→ **Dataset records**
======
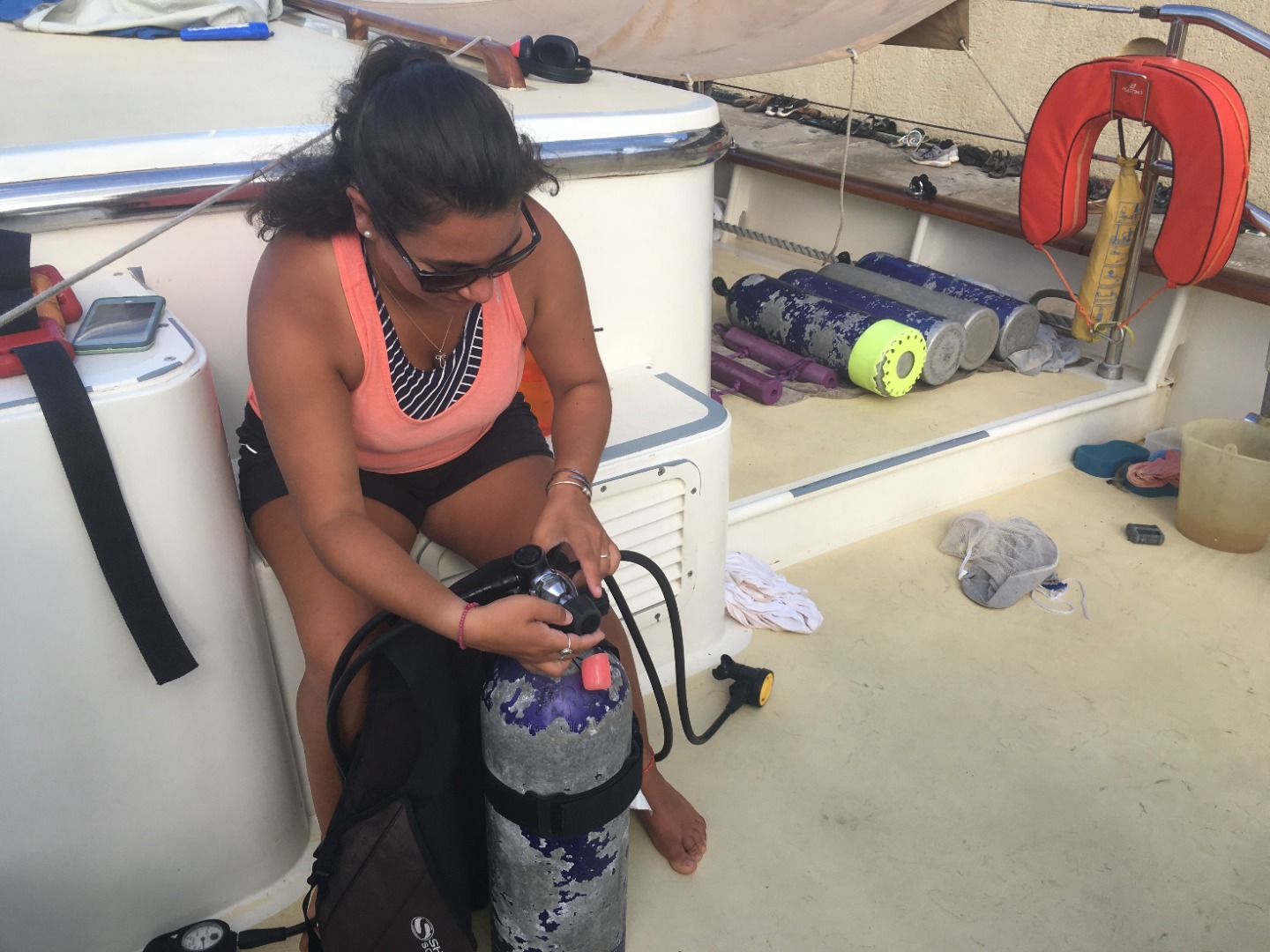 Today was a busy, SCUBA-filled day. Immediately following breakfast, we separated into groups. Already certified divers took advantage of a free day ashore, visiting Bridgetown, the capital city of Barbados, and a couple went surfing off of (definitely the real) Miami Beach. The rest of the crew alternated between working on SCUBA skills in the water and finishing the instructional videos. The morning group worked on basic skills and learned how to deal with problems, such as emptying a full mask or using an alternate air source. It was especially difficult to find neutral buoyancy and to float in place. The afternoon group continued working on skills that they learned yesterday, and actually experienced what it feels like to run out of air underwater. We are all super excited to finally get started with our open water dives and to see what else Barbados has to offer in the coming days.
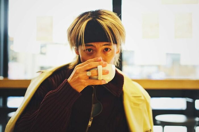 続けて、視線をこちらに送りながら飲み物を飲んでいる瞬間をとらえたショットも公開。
======
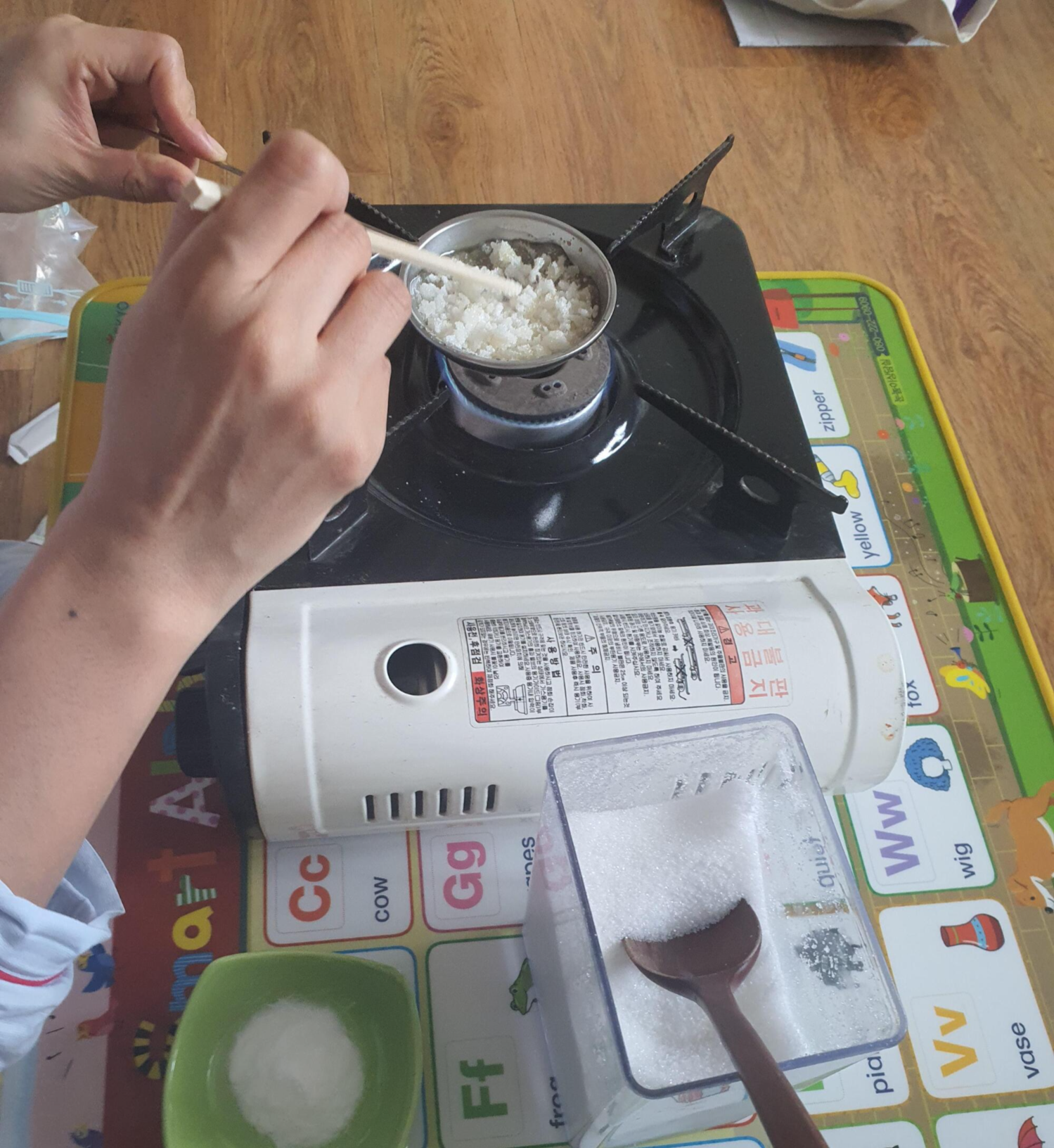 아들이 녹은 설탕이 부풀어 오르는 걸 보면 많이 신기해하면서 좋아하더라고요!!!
======
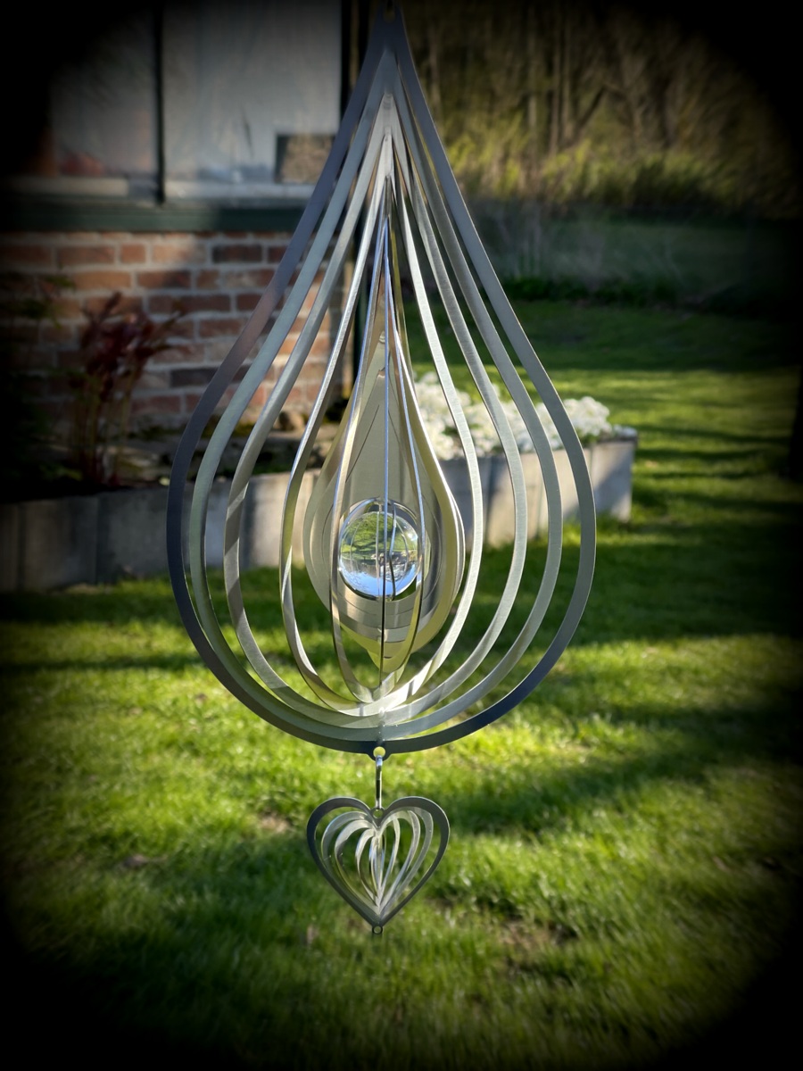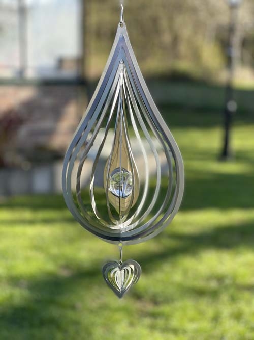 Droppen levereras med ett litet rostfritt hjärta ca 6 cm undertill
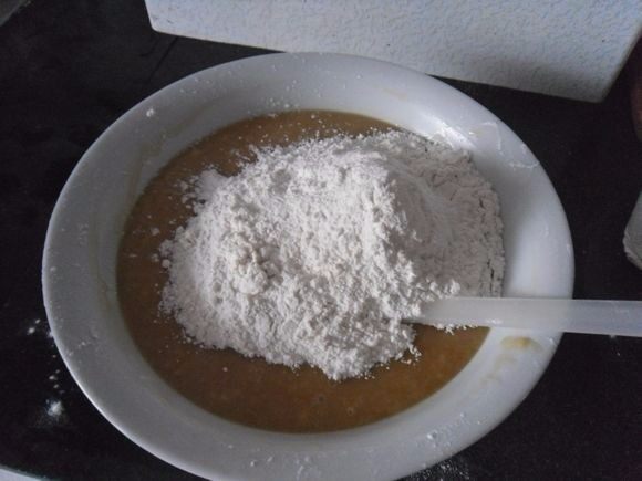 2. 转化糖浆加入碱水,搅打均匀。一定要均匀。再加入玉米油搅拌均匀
======
→ **What to work on**
Transcribe, word for word, the stretch of lines in the data above from the one with "Droppen levereras med" through the one with "2. 转化糖浆加入碱水,搅打均匀。一定要均匀。再加入玉米油搅拌均匀"; omit all pictures.

→ **Exercise answer**
 Droppen levereras med ett litet rostfritt hjärta ca 6 cm undertill
 2. 转化糖浆加入碱水,搅打均匀。一定要均匀。再加入玉米油搅拌均匀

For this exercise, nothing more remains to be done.